Data items

===============

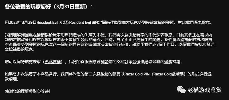 雷蛇商城出現了《生化危機7+8黃金版》捆綁包定價51元的臨時工情況。雷蛇官方對此做出了迴應,將為購買了定價失誤版《生化危機7+8黃金版》的玩家重新發key,而如果玩家多次購買了產品,則第二次及後續購買將會以Razer Gold PIN(Razer Gold啟用碼)的形式進行退款。
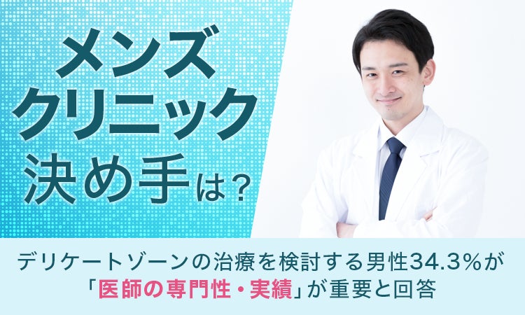 【メンズクリニック決め手は?】デリケートゾーンの治療を検討する男性34.3%が「医師の専門性・実績」が重要と回答
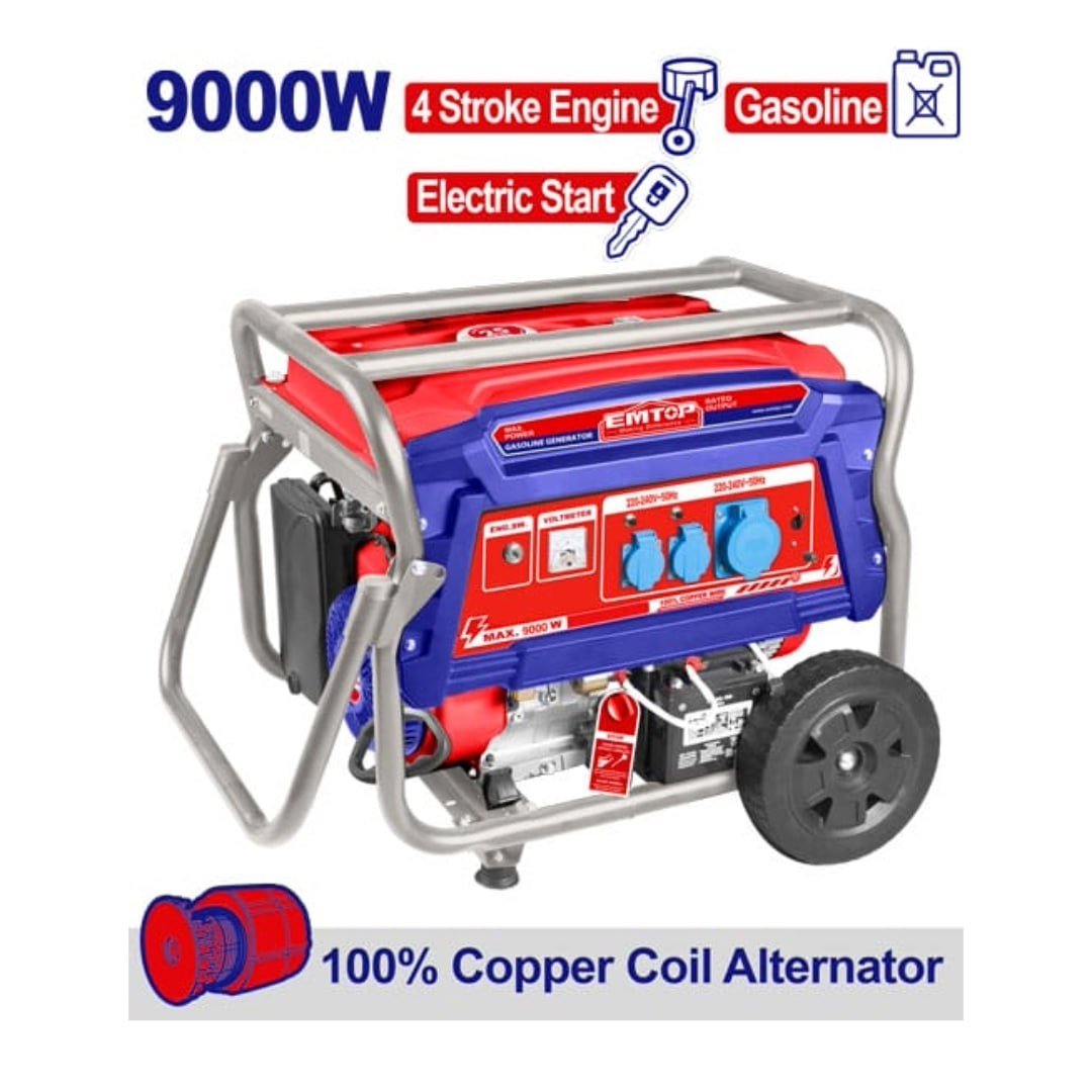 Le groupe électrogène EMTOP ESS 9 kW est conçu pour fournir une alimentation électrique fiable et continue dans les environnements professionnels et domestiques. Il délivre une puissance maximale de 9 kW et une puissance nominale de 7,5 kW avec une tension stable de 220–240 V et une fréquence de 50 Hz.
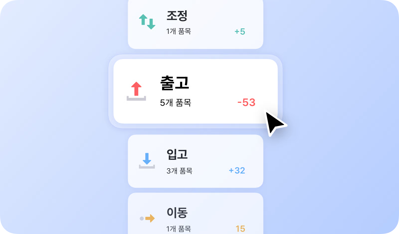 <table><thead><tr><th width="86.57159423828125">기능</th><th width="326.000244140625">설명</th><th>예시</th></tr></thead><tbody><tr><td><strong>입고</strong></td><td>입력한 수량만큼 재고가 <strong>증가</strong></td><td>수량 '5' 입력 → 재고가 +<strong>5 증가</strong></td></tr><tr><td><strong>출고</strong></td><td>입력한 수량만큼 재고가 <strong>감소</strong></td><td>수량 '5' 입력 → 재고가 <strong>-5 감소</strong></td></tr><tr><td><strong>조정</strong></td><td>현재 수량을 원하는 값으로 <strong>직접 변경</strong></td><td>수량 '60' 입력 → 재고가 <strong>'60'으로 변경</strong></td></tr><tr><td><strong>이동</strong></td><td>위치 간 수량을 이동</td><td><p>수량을 '10' 입력</p><p>→ 선택한 위치로 재고 <strong>'60'이 이동</strong></p></td></tr></tbody></table>
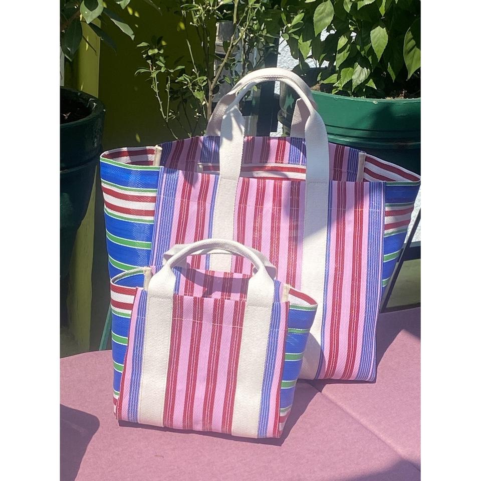 Logo personnalisé rayé en nylon recyclé fourre-tout sac à provisions sangle en coton poche intérieure écologique fermeture ouverte pour l'extérieur
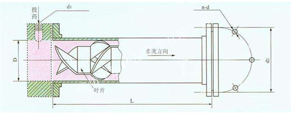 A、混合器管徑按經濟流速進行選擇,一般按0.9-1.2米/秒計算;管徑大于500毫米的最大流速可達1.5米/秒  計算。有條件時。將管徑放大50-100毫米,以便減少水頭損失。

===============

Exercise directions — Although the records contain pictures, return only their text, exactly as written.

Task output —
 雷蛇商城出現了《生化危機7+8黃金版》捆綁包定價51元的臨時工情況。雷蛇官方對此做出了迴應,將為購買了定價失誤版《生化危機7+8黃金版》的玩家重新發key,而如果玩家多次購買了產品,則第二次及後續購買將會以Razer Gold PIN(Razer Gold啟用碼)的形式進行退款。
 【メンズクリニック決め手は?】デリケートゾーンの治療を検討する男性34.3%が「医師の専門性・実績」が重要と回答
 Le groupe électrogène EMTOP ESS 9 kW est conçu pour fournir une alimentation électrique fiable et continue dans les environnements professionnels et domestiques. Il délivre une puissance maximale de 9 kW et une puissance nominale de 7,5 kW avec une tension stable de 220–240 V et une fréquence de 50 Hz.
 <table><thead><tr><th width="86.57159423828125">기능</th><th width="326.000244140625">설명</th><th>예시</th></tr></thead><tbody><tr><td><strong>입고</strong></td><td>입력한 수량만큼 재고가 <strong>증가</strong></td><td>수량 '5' 입력 → 재고가 +<strong>5 증가</strong></td></tr><tr><td><strong>출고</strong></td><td>입력한 수량만큼 재고가 <strong>감소</strong></td><td>수량 '5' 입력 → 재고가 <strong>-5 감소</strong></td></tr><tr><td><strong>조정</strong></td><td>현재 수량을 원하는 값으로 <strong>직접 변경</strong></td><td>수량 '60' 입력 → 재고가 <strong>'60'으로 변경</strong></td></tr><tr><td><strong>이동</strong></td><td>위치 간 수량을 이동</td><td><p>수량을 '10' 입력</p><p>→ 선택한 위치로 재고 <strong>'60'이 이동</strong></p></td></tr></tbody></table>
 Logo personnalisé rayé en nylon recyclé fourre-tout sac à provisions sangle en coton poche intérieure écologique fermeture ouverte pour l'extérieur
 A、混合器管徑按經濟流速進行選擇,一般按0.9-1.2米/秒計算;管徑大于500毫米的最大流速可達1.5米/秒  計算。有條件時。將管徑放大50-100毫米,以便減少水頭損失。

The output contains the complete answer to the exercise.